(Beginning of Data shown)
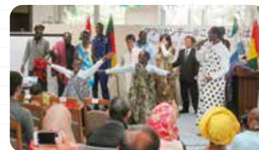
Last year's African Day

An event showcasing Africa, organized by African students from Kyushu University. In addition to Africa's continued growth in recent years, the event will also introduce a broad range of traditional music, clothing and dance from various nations.
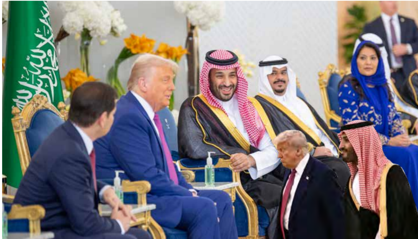
Saudi Crown Prince Mohammed bin Salman (C-R) meeting with US President Donald Trump (C-L) in Riyadh

Under imposing chandeliers, Trump welcomed a promise by Saudi Arabia's de facto ruler, Crown Prince Mohammed bin Salman, for $600 billion in investment and quipped that it should be $1 trillion. "We have the biggest business leaders in the world here today and they're going to walk away with a lot of cheques," Trump told the press. For "the United States, it's probably two million jobs that we're talking about," Trump said. The White House said that Saudi Arabia would buy nearly
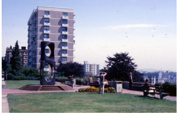
Kerry Park -- W. Highland Dr, circa 1970.
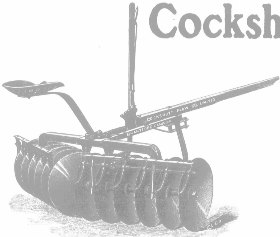
Cockshutt Disc Harrow—15 sizes.
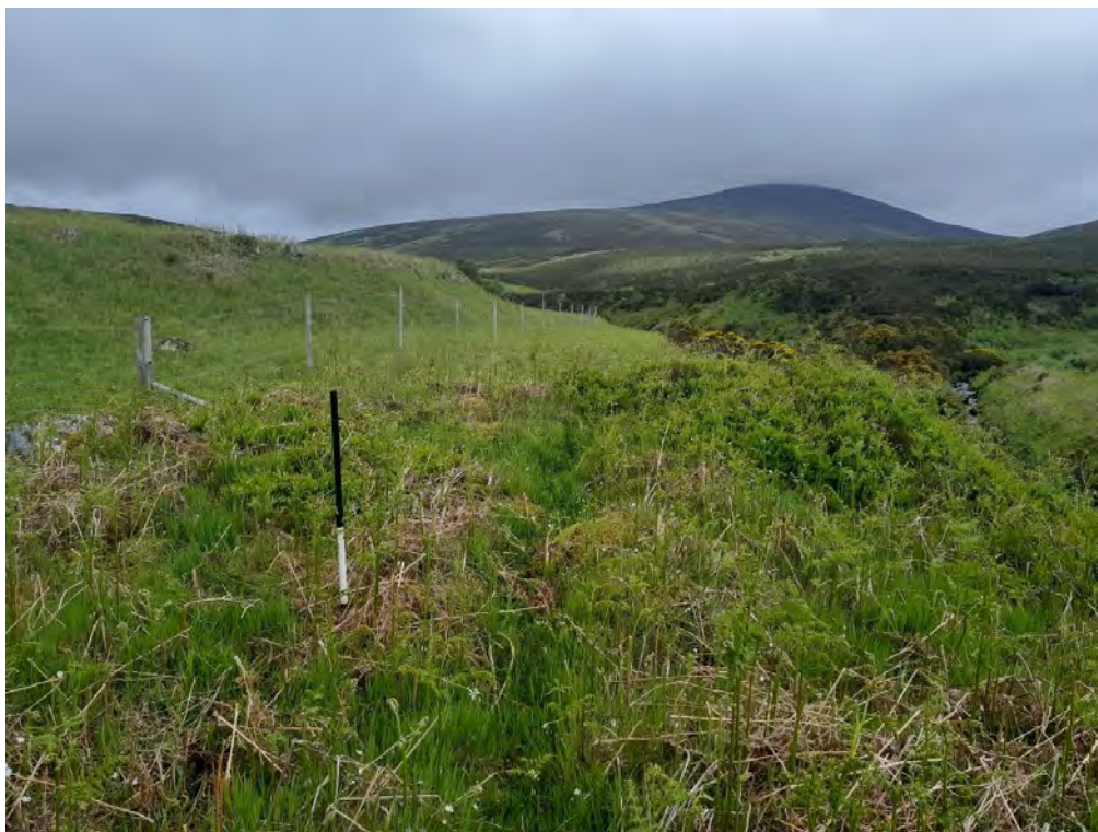
Plate 275: Clearance or kiln-construction material (Asset 428.5), facing northeast
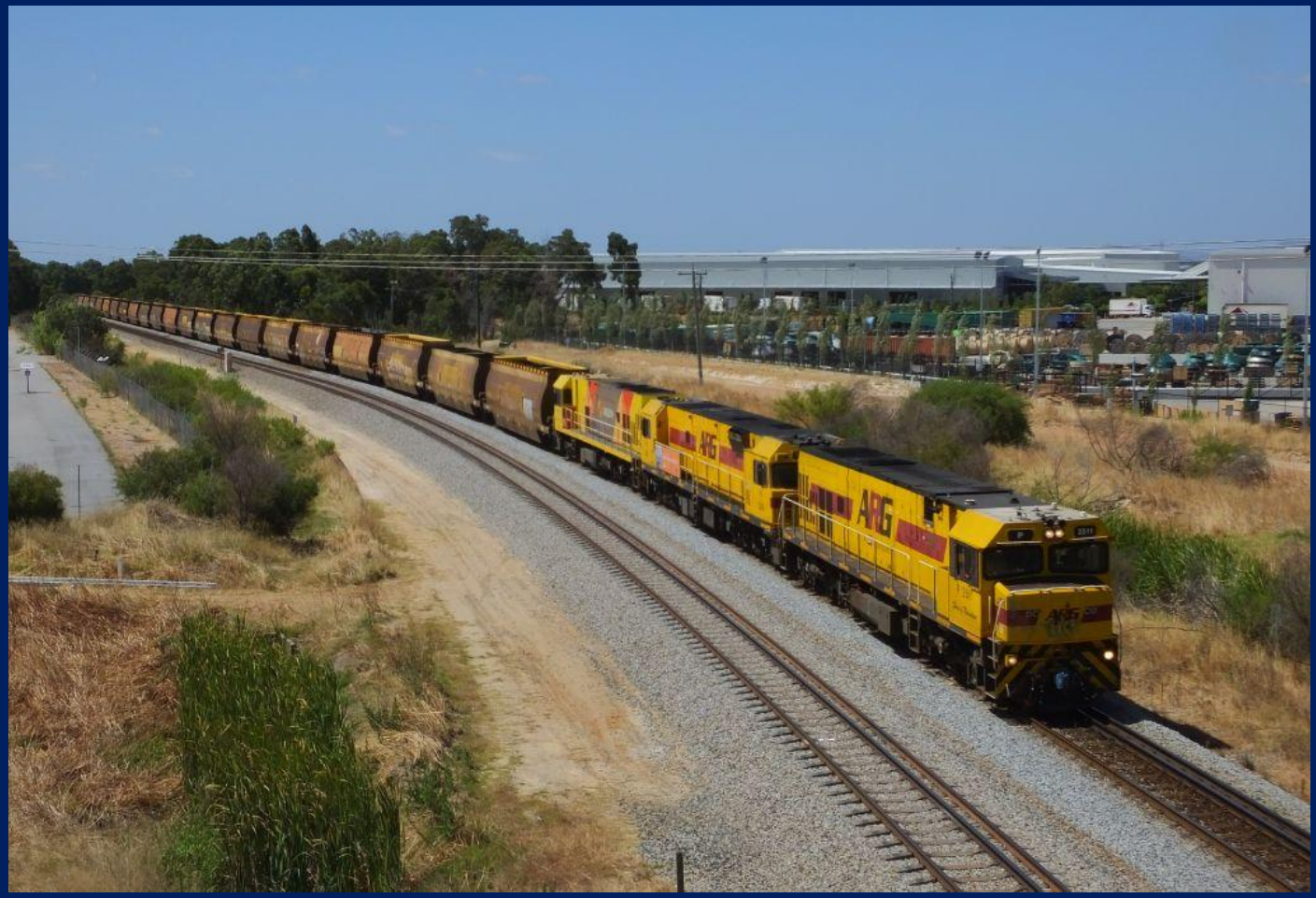
P2511, PA2819 & P2505 on 4304 empty woodchip wagon movement from Albany, South Guildford 28/12.
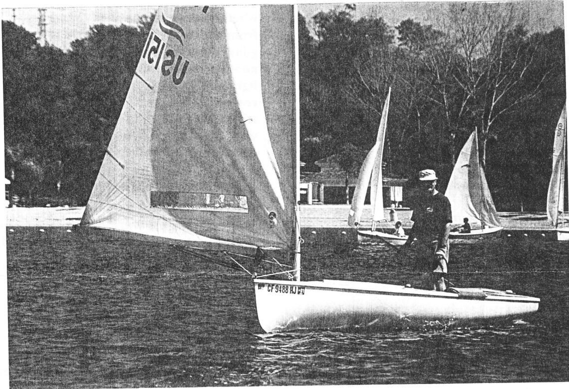
Seventh Inning Stretch ???
(End of Data shown)
What this task involves: Restate the lines of the records exactly, starting at the first and stopping after the line with "Saudi Crown Prince". Leave out any picture.

Response area:
Last year's African Day

An event showcasing Africa, organized by African students from Kyushu University. In addition to Africa's continued growth in recent years, the event will also introduce a broad range of traditional music, clothing and dance from various nations.
Saudi Crown Prince Mohammed bin Salman (C-R) meeting with US President Donald Trump (C-L) in Riyadh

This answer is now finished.